Since then, I have led the group of around 25 individuals from 13 different departments and organisations, combining our knowledge, skills and experience in the subject matter. Connecting professionals across boundaries in this way has enabled us to share our collective expertise across the Civil Service in our region.

The network’s members have designed and developed a consultancy tool and methodology to enable us to maximise the group’s knowledge and help others. This means that departments can get professional attendance management advice from experts without bringing in external consultants, maximising the abilities of experienced, in-house professionals.

We have also designed and hosted four discovery events across the North West – in Salford, Southport, Blackpool and Lilyhall, Cumbria – aimed at first line managers, to help them understand the aims of attendance management and the personal impact they can have on people.

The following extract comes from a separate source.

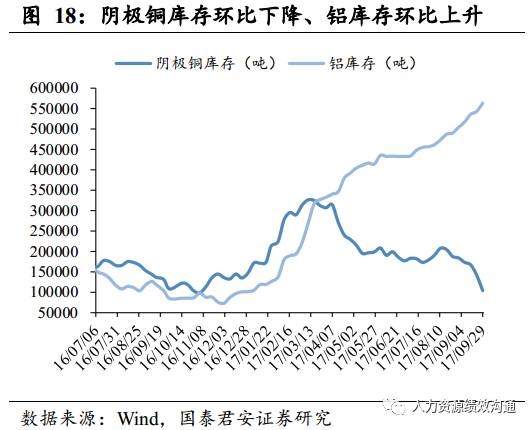 铜、铝、锌价格环比均上涨,阴极铜库存继续下降。(1)本周铜、铝、锌金属价格均上涨,截至10月9日,LME3个月铜期货价格环比上涨2.4%,LME铜现货价格较上周上涨2.35%;LME3个月铝期货价环比上涨3.21%,LME铝现货价格较上周上涨3.29%;LME3个月锌期货价环比上涨2.28%,LME锌现货价格较上周上涨3.06%。(2)库存方面,截至9月29日,本周阴极铜库存较上周环比下降27.01%(上周环比下降15.25%),铝库存较上周上升3.71%(上周环比上升1.33%),锌库存较上周下降4.03%(上周环比下降3.5%).

Nick Langford, Attendance Management network
Nick Langford, Attendance Management network

There have been many highlights to leading the network, but the one which stands out is completing the first consultancy visit and providing feedback to the management group who had asked for our help.

I went back 12 months later to see if our work had made a difference, and I am pleased to say that it did. The group is full of energy, with some really great ideas being generated, which will lead to new discovery events that we plan to test and deliver at the end of 2016.

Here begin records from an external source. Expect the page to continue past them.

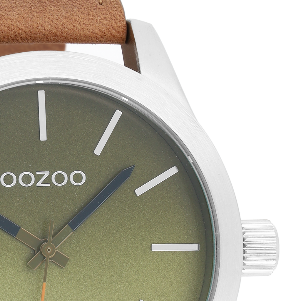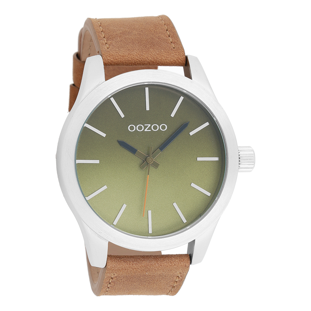 Stand out with this beautiful round gents design from the trendy OOZOO Timepieces collection. The C8556 has a brown leather strap and 48 mm silver coloured metal watch case. You are making quite the fashion statement with this green gradient dial, silver coloured stripes digits and black/green hands. This essential watch for your wardrobe has a mineral glass, stainless steel backplate and is nickel safe. This watch has a 2 Japanese movement and is covered by a 2 year warranty (see section 3 of our Refund, shipping & warranty policy).
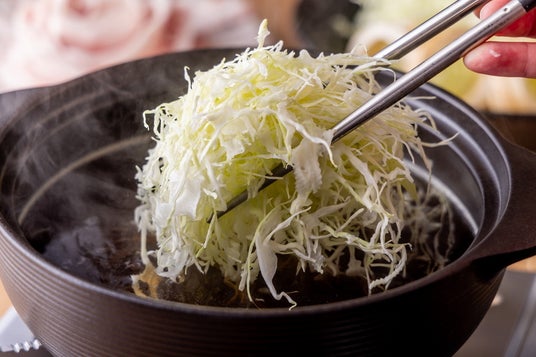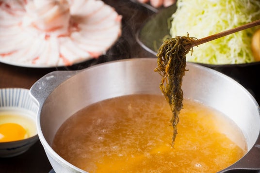 【POINT 02】キャベツやもずくを一掴み鍋の中に入れ、その後お肉をしゃぶしゃぶしてください。
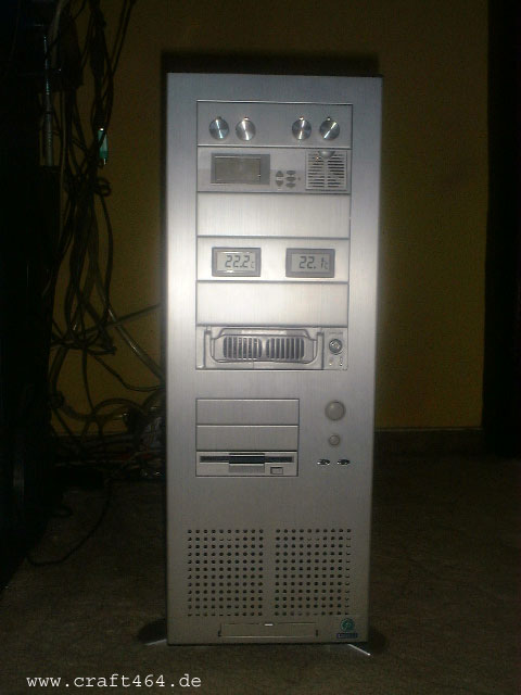 Bei diesem System habe ich mich für den Einbau einer Wakü entschieden . Durch die sehr große Fläche des Gehäuses und der Wakü brauche ich noch Nichteinmahl auch nur einen Gehäuselüfter betreiben und komme nie über 33 Grad Systemtemperatur und das mit 1750Mhz und 6 Festplatten. | |

There are clear benefits for our colleagues in ensuring managers are supportive in their approach to attendance, and to citizens in maximising the number of days we provide services to them. Personally, I have gained a lot from understanding the issues and pressures in other departments, developing a new network of contacts across the region, and learning from some really inventive and exciting approaches.

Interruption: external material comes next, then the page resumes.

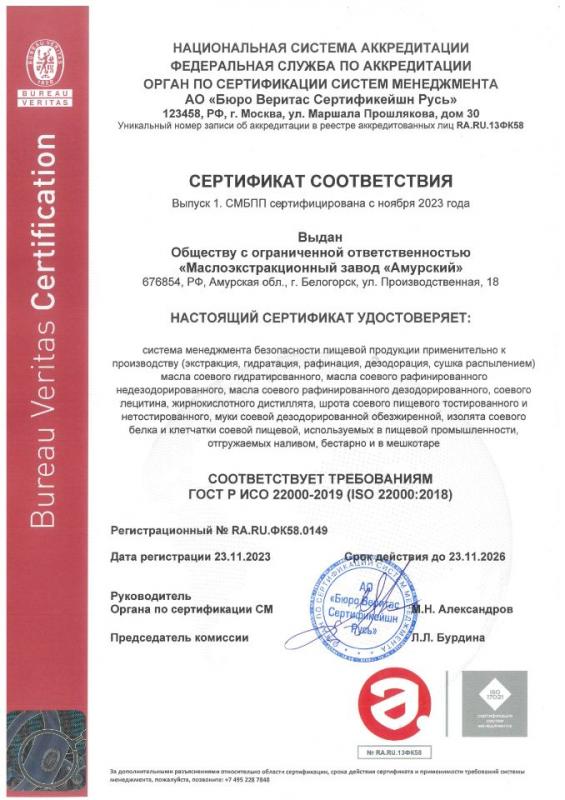 Сертификат соответствия ГОСТ Р ИСО 22000-2019 — это документ, подтверждающий соответствие системы менеджмента безопасности пищевой продукции требованиям стандарта ГОСТ Р ИСО 22000.

I would encourage all my colleagues across the north west to consider joining one of our Civil Service Local professional networks. Many are making real progress in worthwhile areas and can make a genuine difference to society. If you have a passion to help in a particular line of work, and the group doesn’t already exist, why not contact CS Local and ask to be put in touch with other like-minded colleagues to set up a new network?

As a career Civil Servant, I know we have highly skilled experts who can bring together workplace theories and practical knowledge to ensure the Civil Service is a great place to work, and an organisation that makes a real difference to citizens. I wholeheartedly support the aim of Civil Service transformation to bring down boundaries and promote cross-government working – in short, to connect people. And my experiences over the last three years mean I firmly believe Civil Service Local is a great way to identify and share best practice, and to truly make a difference.